- _Raw data_:
● ● ● ● ●
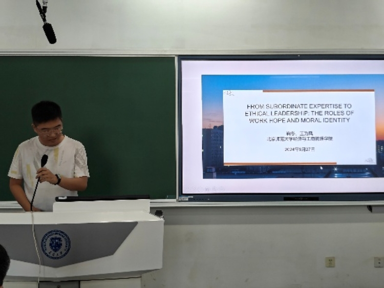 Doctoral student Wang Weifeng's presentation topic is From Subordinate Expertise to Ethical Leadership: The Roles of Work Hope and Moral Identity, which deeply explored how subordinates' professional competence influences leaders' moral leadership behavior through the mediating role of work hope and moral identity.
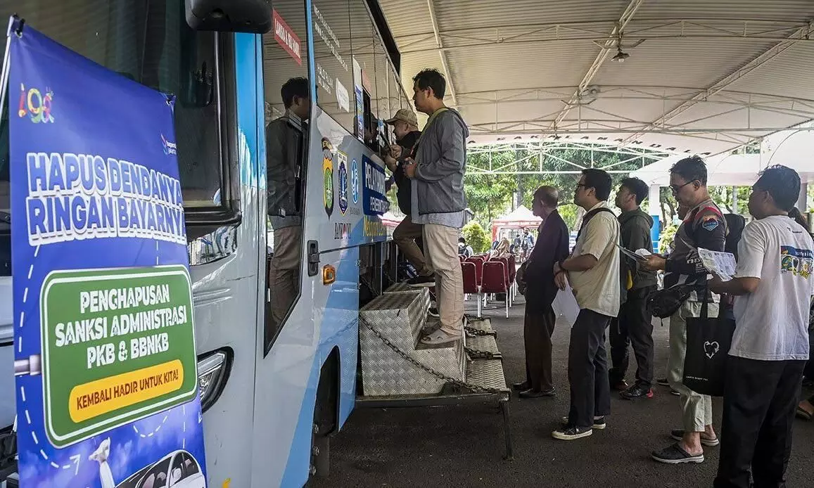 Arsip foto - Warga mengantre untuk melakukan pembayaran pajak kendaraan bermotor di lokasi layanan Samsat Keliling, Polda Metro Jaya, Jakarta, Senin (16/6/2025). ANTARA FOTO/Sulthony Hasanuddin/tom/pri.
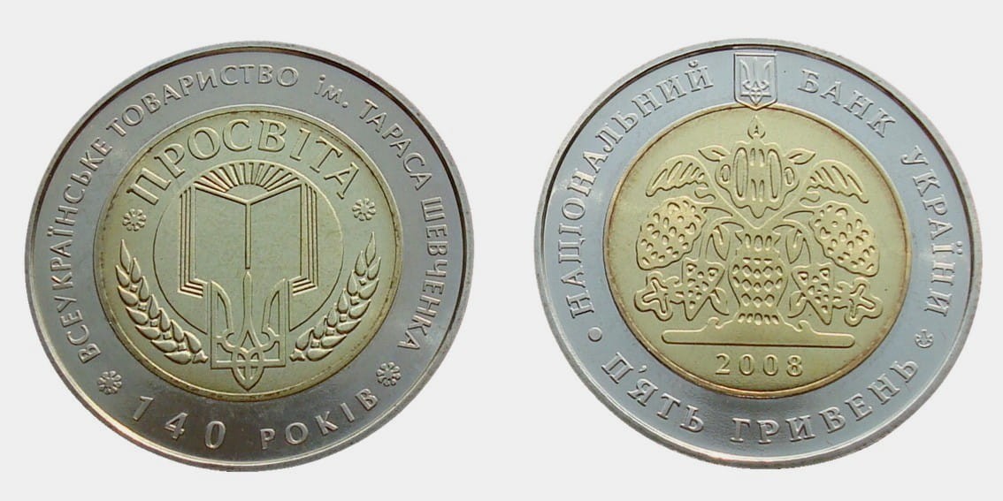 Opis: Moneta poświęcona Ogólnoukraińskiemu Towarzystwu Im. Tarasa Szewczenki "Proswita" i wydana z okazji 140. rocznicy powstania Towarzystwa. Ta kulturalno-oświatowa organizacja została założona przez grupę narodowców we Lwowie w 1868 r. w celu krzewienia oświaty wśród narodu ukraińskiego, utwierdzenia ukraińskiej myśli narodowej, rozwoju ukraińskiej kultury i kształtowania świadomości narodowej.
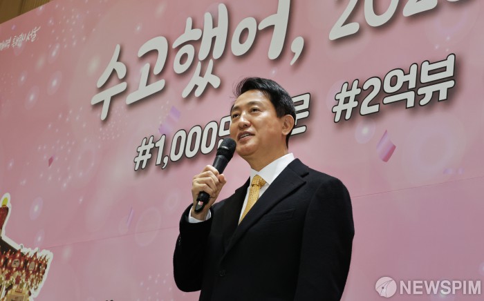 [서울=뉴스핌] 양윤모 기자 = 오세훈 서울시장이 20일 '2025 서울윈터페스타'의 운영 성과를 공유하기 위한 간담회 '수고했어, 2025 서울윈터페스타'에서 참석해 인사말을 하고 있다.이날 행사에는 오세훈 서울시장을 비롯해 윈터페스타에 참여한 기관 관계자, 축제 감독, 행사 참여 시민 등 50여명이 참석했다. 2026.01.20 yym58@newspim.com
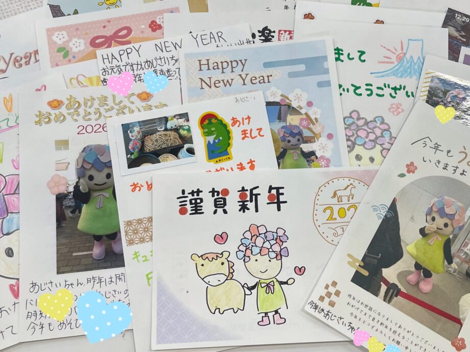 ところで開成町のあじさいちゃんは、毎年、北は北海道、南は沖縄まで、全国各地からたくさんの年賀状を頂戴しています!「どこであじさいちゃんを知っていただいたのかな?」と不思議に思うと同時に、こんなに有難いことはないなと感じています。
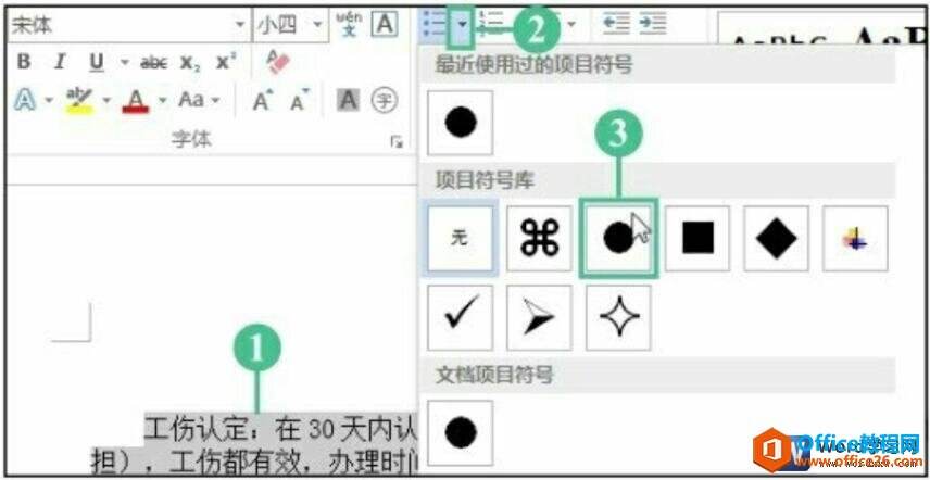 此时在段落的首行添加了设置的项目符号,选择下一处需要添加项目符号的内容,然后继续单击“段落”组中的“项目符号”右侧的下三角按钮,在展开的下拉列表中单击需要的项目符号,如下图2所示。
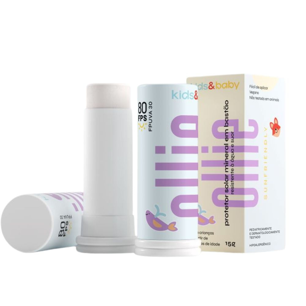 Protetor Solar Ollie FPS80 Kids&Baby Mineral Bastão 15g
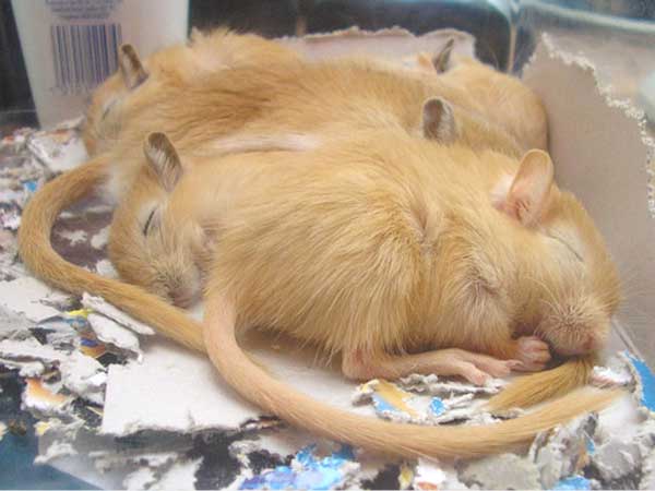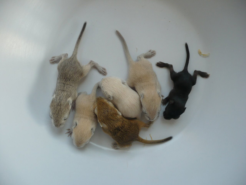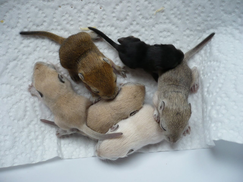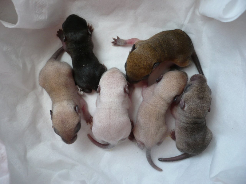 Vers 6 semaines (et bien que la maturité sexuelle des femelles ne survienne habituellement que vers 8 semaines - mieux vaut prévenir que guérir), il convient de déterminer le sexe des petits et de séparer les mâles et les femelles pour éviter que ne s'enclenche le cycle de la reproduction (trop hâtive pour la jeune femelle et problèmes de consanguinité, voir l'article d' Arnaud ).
● ● ● ● ●
- _Problem requirements_:
Drop every picture from the data, then output all the rest exactly.

- _Reply_:
 Doctoral student Wang Weifeng's presentation topic is From Subordinate Expertise to Ethical Leadership: The Roles of Work Hope and Moral Identity, which deeply explored how subordinates' professional competence influences leaders' moral leadership behavior through the mediating role of work hope and moral identity.
 Arsip foto - Warga mengantre untuk melakukan pembayaran pajak kendaraan bermotor di lokasi layanan Samsat Keliling, Polda Metro Jaya, Jakarta, Senin (16/6/2025). ANTARA FOTO/Sulthony Hasanuddin/tom/pri.
 Opis: Moneta poświęcona Ogólnoukraińskiemu Towarzystwu Im. Tarasa Szewczenki "Proswita" i wydana z okazji 140. rocznicy powstania Towarzystwa. Ta kulturalno-oświatowa organizacja została założona przez grupę narodowców we Lwowie w 1868 r. w celu krzewienia oświaty wśród narodu ukraińskiego, utwierdzenia ukraińskiej myśli narodowej, rozwoju ukraińskiej kultury i kształtowania świadomości narodowej.
 [서울=뉴스핌] 양윤모 기자 = 오세훈 서울시장이 20일 '2025 서울윈터페스타'의 운영 성과를 공유하기 위한 간담회 '수고했어, 2025 서울윈터페스타'에서 참석해 인사말을 하고 있다.이날 행사에는 오세훈 서울시장을 비롯해 윈터페스타에 참여한 기관 관계자, 축제 감독, 행사 참여 시민 등 50여명이 참석했다. 2026.01.20 yym58@newspim.com
 ところで開成町のあじさいちゃんは、毎年、北は北海道、南は沖縄まで、全国各地からたくさんの年賀状を頂戴しています!「どこであじさいちゃんを知っていただいたのかな?」と不思議に思うと同時に、こんなに有難いことはないなと感じています。
 此时在段落的首行添加了设置的项目符号,选择下一处需要添加项目符号的内容,然后继续单击“段落”组中的“项目符号”右侧的下三角按钮,在展开的下拉列表中单击需要的项目符号,如下图2所示。
 Protetor Solar Ollie FPS80 Kids&Baby Mineral Bastão 15g
 Vers 6 semaines (et bien que la maturité sexuelle des femelles ne survienne habituellement que vers 8 semaines - mieux vaut prévenir que guérir), il convient de déterminer le sexe des petits et de séparer les mâles et les femelles pour éviter que ne s'enclenche le cycle de la reproduction (trop hâtive pour la jeune femelle et problèmes de consanguinité, voir l'article d' Arnaud ).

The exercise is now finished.